§ **Assigned task**
Find the line containing "英威騰x日照鋼鐵 | 實(shí)現(xiàn)降本增效提質(zhì),榮獲優(yōu)秀供應(yīng)商!" in the entries; transcribe it and all remaining lines through the end, exactly as they appear, but not the pictures.

§ **Given data**
⁂
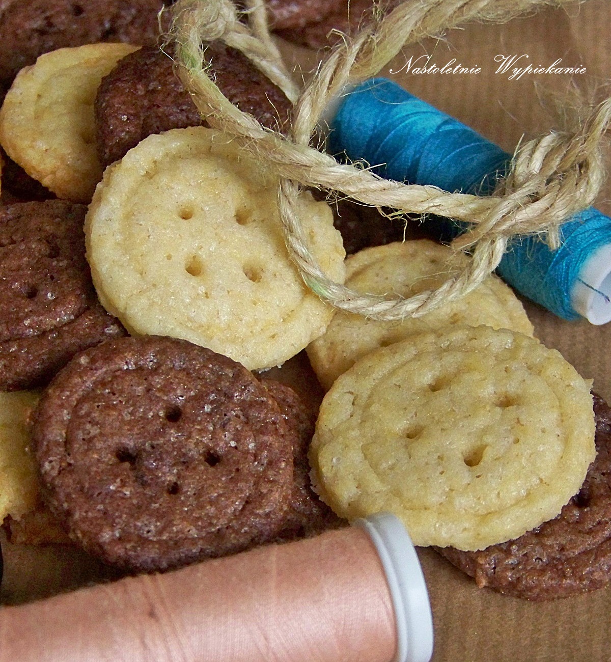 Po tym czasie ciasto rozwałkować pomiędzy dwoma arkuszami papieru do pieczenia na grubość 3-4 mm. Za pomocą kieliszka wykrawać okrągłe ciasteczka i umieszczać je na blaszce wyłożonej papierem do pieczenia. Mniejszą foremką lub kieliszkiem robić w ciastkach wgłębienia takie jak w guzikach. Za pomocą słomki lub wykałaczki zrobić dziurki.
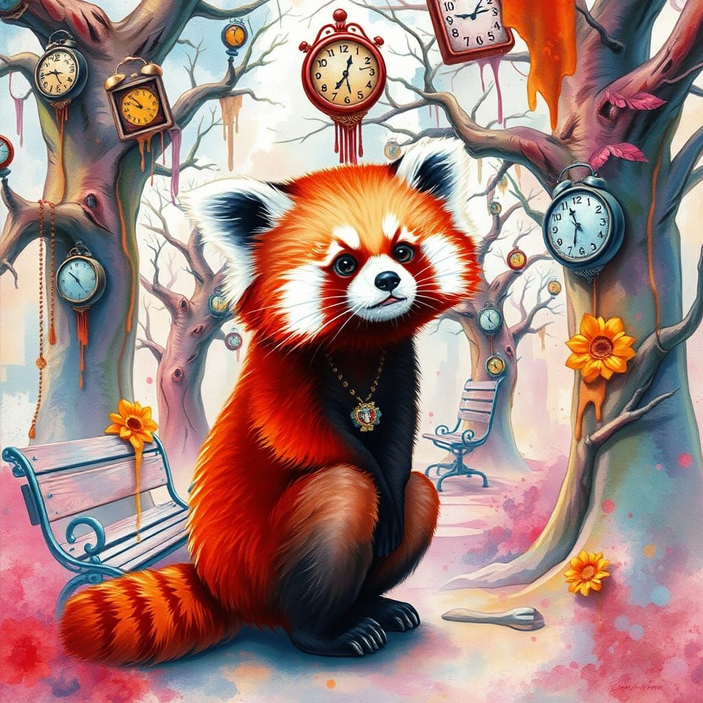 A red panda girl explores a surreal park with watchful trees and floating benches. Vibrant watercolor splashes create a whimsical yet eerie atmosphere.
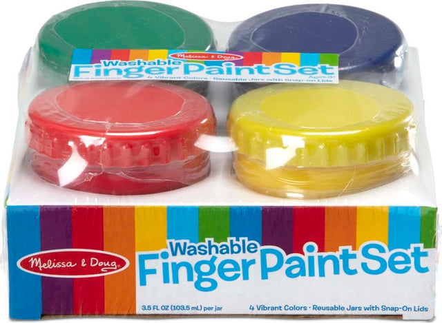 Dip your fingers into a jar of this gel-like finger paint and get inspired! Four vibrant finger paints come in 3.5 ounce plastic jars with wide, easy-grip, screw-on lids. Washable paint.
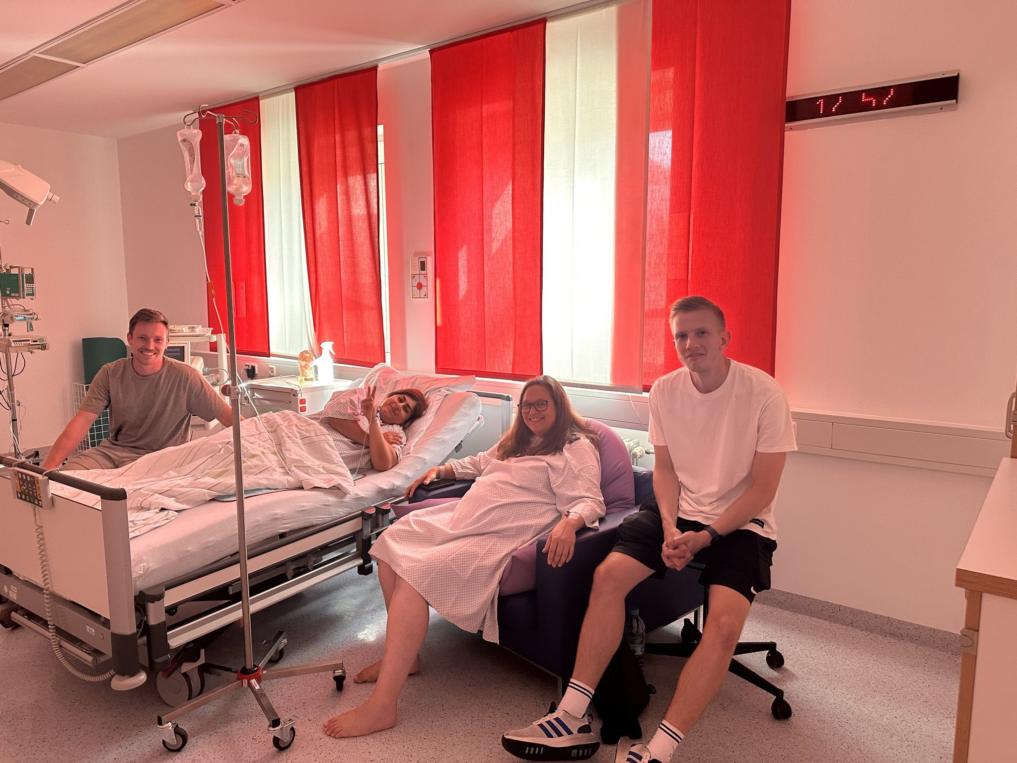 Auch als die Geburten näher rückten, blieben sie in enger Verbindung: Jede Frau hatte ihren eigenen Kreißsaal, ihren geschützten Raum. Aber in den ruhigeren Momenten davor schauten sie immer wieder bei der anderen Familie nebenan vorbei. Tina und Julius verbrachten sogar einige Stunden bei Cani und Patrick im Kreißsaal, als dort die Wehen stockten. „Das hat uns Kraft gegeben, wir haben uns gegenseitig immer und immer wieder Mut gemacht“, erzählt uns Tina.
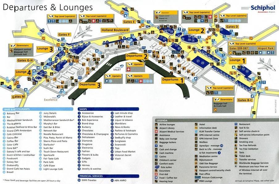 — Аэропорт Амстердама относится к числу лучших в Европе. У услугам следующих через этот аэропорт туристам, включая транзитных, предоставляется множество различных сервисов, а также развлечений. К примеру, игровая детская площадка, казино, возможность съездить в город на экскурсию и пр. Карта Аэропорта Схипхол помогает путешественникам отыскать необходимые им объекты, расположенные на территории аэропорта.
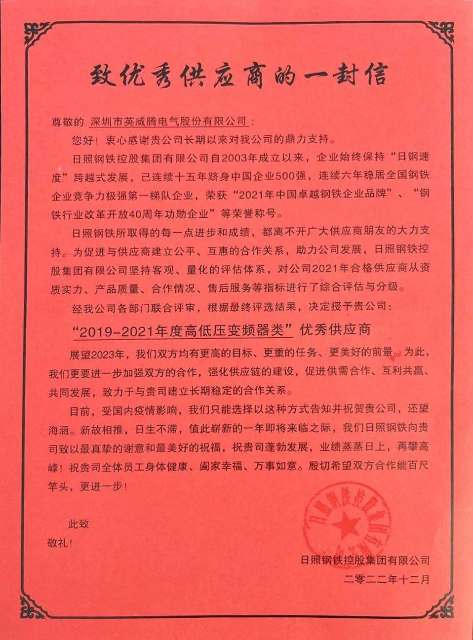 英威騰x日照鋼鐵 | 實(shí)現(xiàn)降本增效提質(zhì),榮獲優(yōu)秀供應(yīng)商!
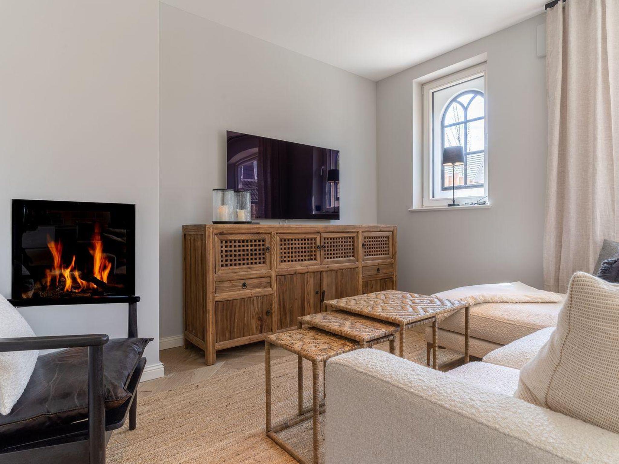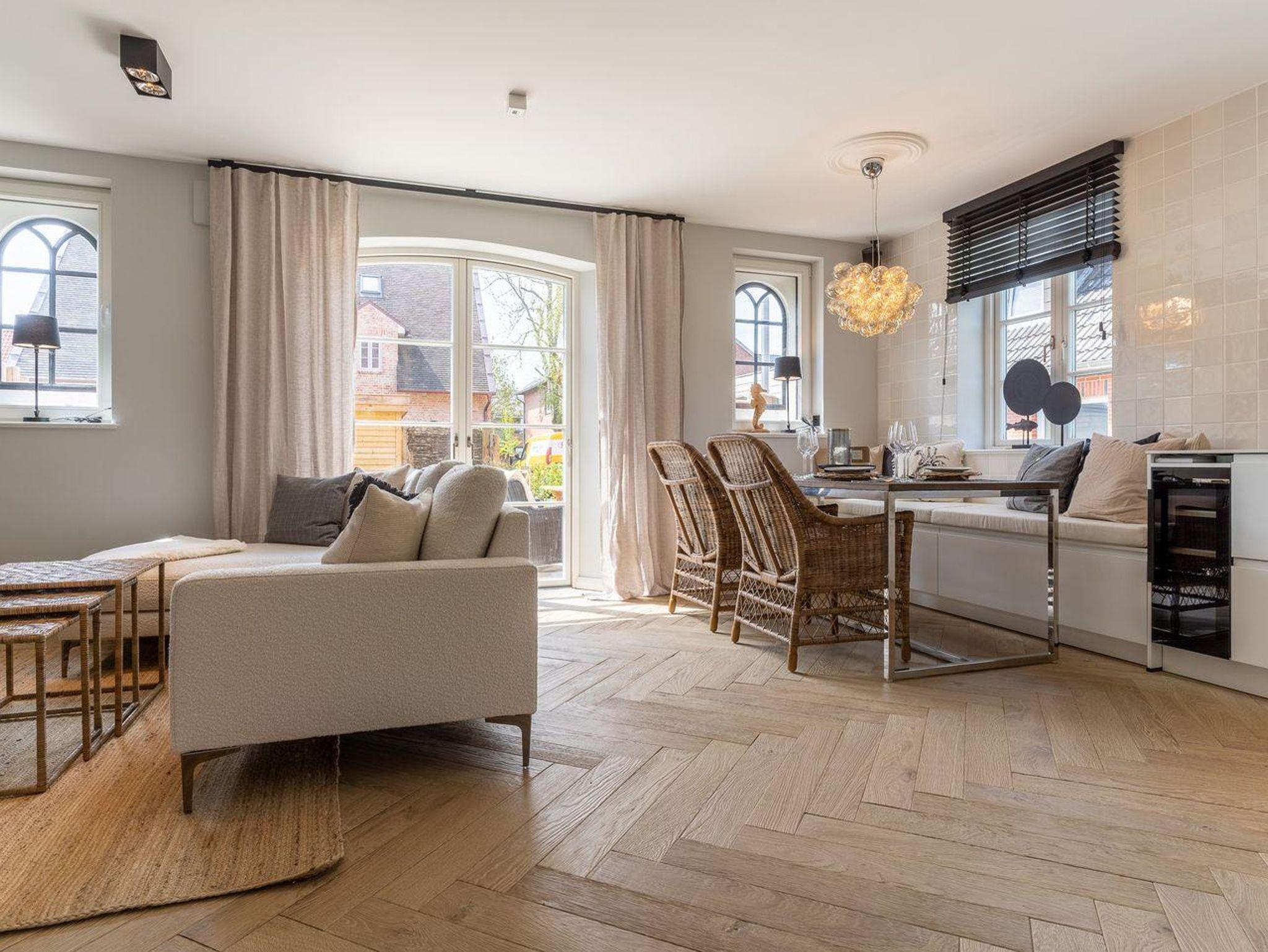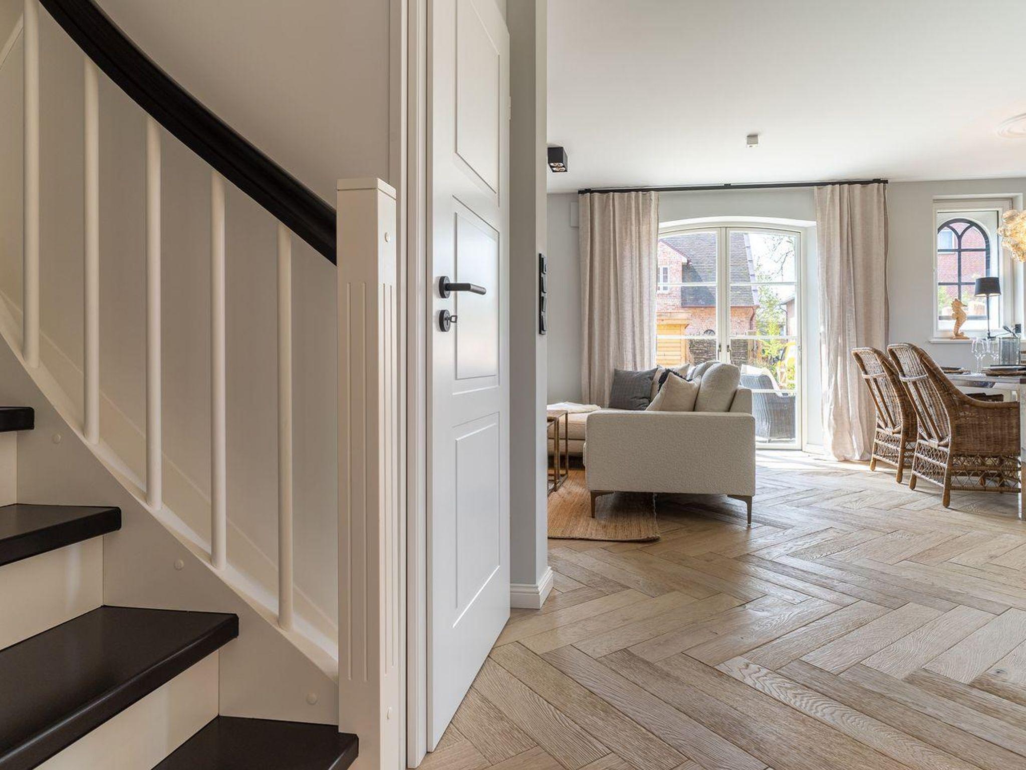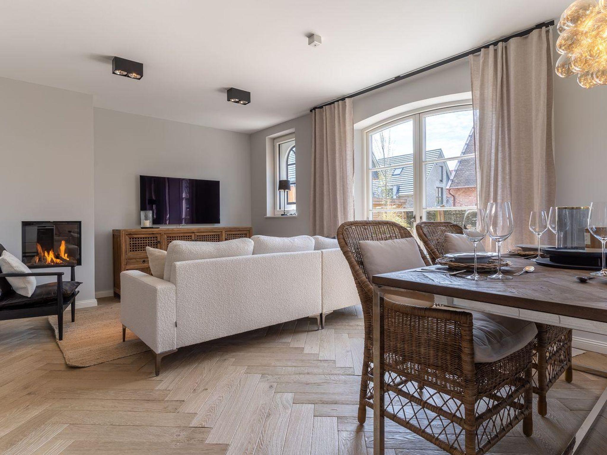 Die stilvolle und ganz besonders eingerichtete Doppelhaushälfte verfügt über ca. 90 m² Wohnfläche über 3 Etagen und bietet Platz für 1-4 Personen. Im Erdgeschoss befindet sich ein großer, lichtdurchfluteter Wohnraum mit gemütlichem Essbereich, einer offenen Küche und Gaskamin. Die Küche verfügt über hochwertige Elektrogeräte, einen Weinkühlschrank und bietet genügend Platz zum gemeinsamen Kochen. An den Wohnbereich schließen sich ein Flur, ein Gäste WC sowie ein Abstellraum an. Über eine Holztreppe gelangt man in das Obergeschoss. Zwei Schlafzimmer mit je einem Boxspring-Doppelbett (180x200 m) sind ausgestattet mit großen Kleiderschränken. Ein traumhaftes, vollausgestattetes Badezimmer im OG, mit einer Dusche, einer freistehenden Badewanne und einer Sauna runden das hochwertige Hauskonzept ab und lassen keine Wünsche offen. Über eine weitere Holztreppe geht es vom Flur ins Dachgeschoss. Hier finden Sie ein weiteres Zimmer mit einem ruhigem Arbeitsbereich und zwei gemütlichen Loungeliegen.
⁂
§ **Result**
 英威騰x日照鋼鐵 | 實(shí)現(xiàn)降本增效提質(zhì),榮獲優(yōu)秀供應(yīng)商!
 Die stilvolle und ganz besonders eingerichtete Doppelhaushälfte verfügt über ca. 90 m² Wohnfläche über 3 Etagen und bietet Platz für 1-4 Personen. Im Erdgeschoss befindet sich ein großer, lichtdurchfluteter Wohnraum mit gemütlichem Essbereich, einer offenen Küche und Gaskamin. Die Küche verfügt über hochwertige Elektrogeräte, einen Weinkühlschrank und bietet genügend Platz zum gemeinsamen Kochen. An den Wohnbereich schließen sich ein Flur, ein Gäste WC sowie ein Abstellraum an. Über eine Holztreppe gelangt man in das Obergeschoss. Zwei Schlafzimmer mit je einem Boxspring-Doppelbett (180x200 m) sind ausgestattet mit großen Kleiderschränken. Ein traumhaftes, vollausgestattetes Badezimmer im OG, mit einer Dusche, einer freistehenden Badewanne und einer Sauna runden das hochwertige Hauskonzept ab und lassen keine Wünsche offen. Über eine weitere Holztreppe geht es vom Flur ins Dachgeschoss. Hier finden Sie ein weiteres Zimmer mit einem ruhigem Arbeitsbereich und zwei gemütlichen Loungeliegen.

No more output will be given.